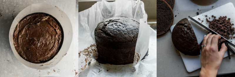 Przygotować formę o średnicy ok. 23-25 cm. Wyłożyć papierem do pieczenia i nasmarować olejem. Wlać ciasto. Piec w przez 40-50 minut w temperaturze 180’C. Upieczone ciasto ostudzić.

* * *

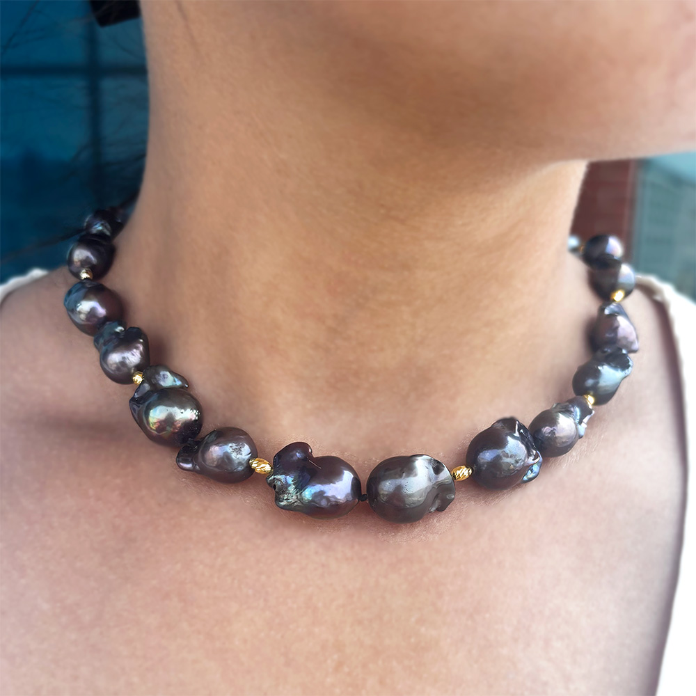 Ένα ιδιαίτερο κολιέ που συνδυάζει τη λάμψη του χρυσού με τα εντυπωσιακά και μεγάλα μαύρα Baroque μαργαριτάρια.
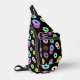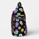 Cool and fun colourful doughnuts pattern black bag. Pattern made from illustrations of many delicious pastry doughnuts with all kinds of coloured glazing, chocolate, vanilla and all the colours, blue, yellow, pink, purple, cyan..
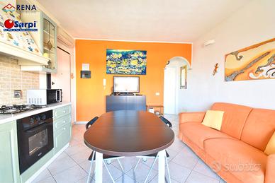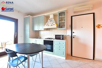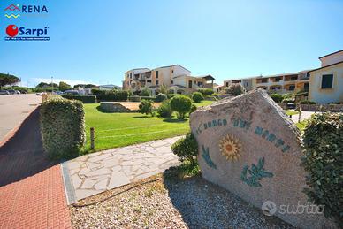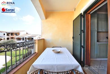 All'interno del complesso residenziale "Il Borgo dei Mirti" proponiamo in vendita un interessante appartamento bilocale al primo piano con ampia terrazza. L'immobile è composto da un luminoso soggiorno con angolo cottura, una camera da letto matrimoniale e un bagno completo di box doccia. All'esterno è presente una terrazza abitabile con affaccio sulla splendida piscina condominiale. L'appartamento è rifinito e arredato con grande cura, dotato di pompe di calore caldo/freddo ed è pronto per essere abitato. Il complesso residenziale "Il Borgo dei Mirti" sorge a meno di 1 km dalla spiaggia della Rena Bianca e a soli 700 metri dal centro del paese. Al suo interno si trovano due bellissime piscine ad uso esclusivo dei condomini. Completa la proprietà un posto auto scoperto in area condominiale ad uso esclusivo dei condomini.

• **Task objective**:
Start with the line above containing "Ένα ιδιαίτερο κολιέ" and end with the line containing "Cool and fun". Set down that stretch exactly, without any pictures.

• **Task solution**:
 Ένα ιδιαίτερο κολιέ που συνδυάζει τη λάμψη του χρυσού με τα εντυπωσιακά και μεγάλα μαύρα Baroque μαργαριτάρια.
 Cool and fun colourful doughnuts pattern black bag. Pattern made from illustrations of many delicious pastry doughnuts with all kinds of coloured glazing, chocolate, vanilla and all the colours, blue, yellow, pink, purple, cyan..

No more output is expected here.